Since $A^2-2A+4I=0$, we have $A^2-2A=-4I$. From the original equation together with this,
$$
A^3=2A^2-4A=2(A^2-2A)=-8I.
$$
Then $(\det A)^3=-8^3$, which tells us that $\det A$ is either $4-4i\sqrt3$ or $4+4i\sqrt3$. The real root is not an option, because no combination of the eigenvalues can have a real product. So $(a)$ is false.
From $A^2-2A+4I=0$, the eigenvalues are either $(1+i\sqrt3,1+i\sqrt3,1-i\sqrt3)$, or $(1-i\sqrt3,1-i\sqrt3,1+i\sqrt3)$.
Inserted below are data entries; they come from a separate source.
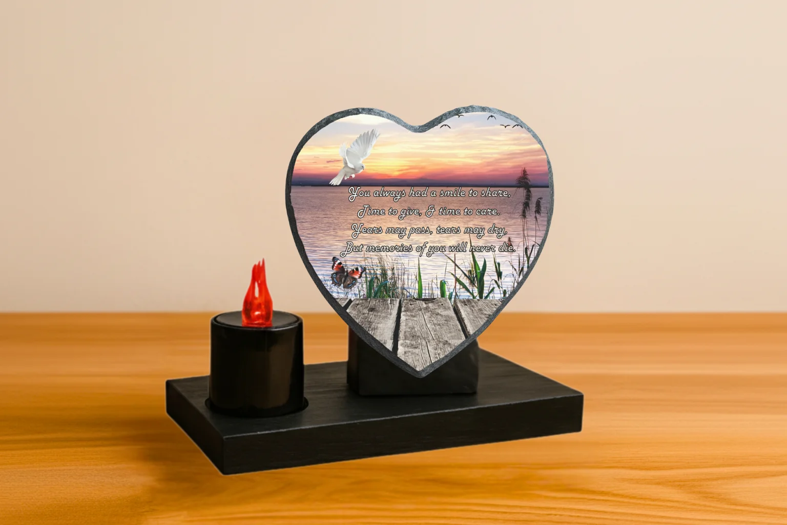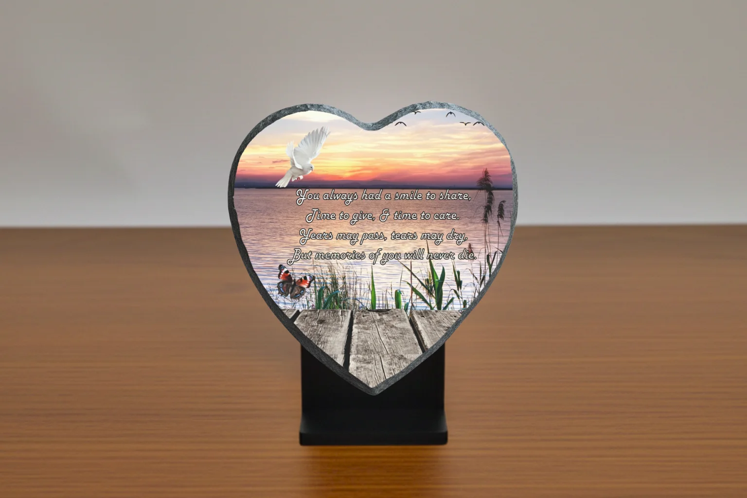 All our Plaques are mounted on a Recycled plastic base, making our product more environmentally friendly and ensuring stability when placed on a loved one’s resting place. Because slate naturally attracts heat and rays from the sun, fading will occur. To help delay this process, all our plaques are UV-coated, prolonging their life against these natural weather conditions.
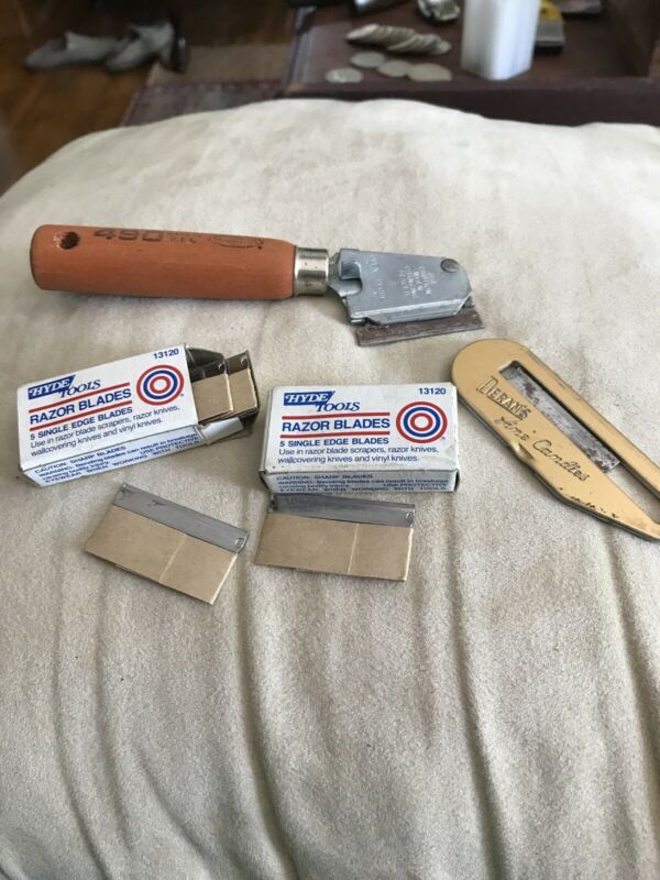 Title (ebay affiliate link): Vintage Warner Tool Red Wood Handle 6" Razor Blade Cutter Made in USA And Blades
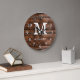 Mit Monogramm Wanduhr mit dunkelbraunem Holzhintergrund. Personalisieren Sie die Uhr für die Familie mit Ihrem Familiennamen und dem Anfangsbuchstaben für Monogramm.
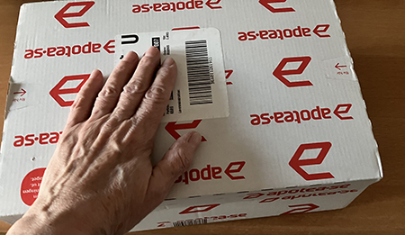 En låda från Apotea med min hand på
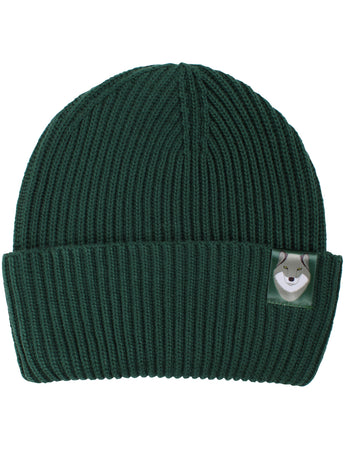 Varm, sød og dejlig blød beanie til børn i mørkegrøn med et lille logo af en ulv.

For (c), $A-2I=A^2/2 $, so $(A-2I)^3=A^6/8=(A^3)^2/8=(-8I)^2/8=8I$. So $\text{Tr}\,(A-2I)^3=\text{Tr}\,(8I)=24$, and (c) is true.
Since $A/2-A^2/4=I $, we deduce that $A^{-1}=I/2-A/4$. Then $$\text {adj}\,A=(\det A)\,A^{-1}=(\det A)\, (I/2-A/4)=\frac18\,(\det A)\,(-A^2).$$ As we know from above that $\det A$ is not real, $(d)$ is false.
We can also use $A/2-A^2/4=I$, written as $(A/2)(I-A/2)=I$, to deduce that $(A/2)^{-1}=I-A/2$. And so
$$
\text{adj}\,\frac{A}2=(\det\frac A2)\,(I-\frac A2)=\frac18\,(\det A)\,(I-\frac A2).
$$
Then
$$
\det(\text{adj}\,\frac A2)=\frac{(\det A)^3}{8^3}\,\det(I-\frac A2)=-\frac1{64}\,\det(I-\frac A2).
$$
This cannot be $1$, as all the eigenvalues of $I-A/2$ have absolute value $1$.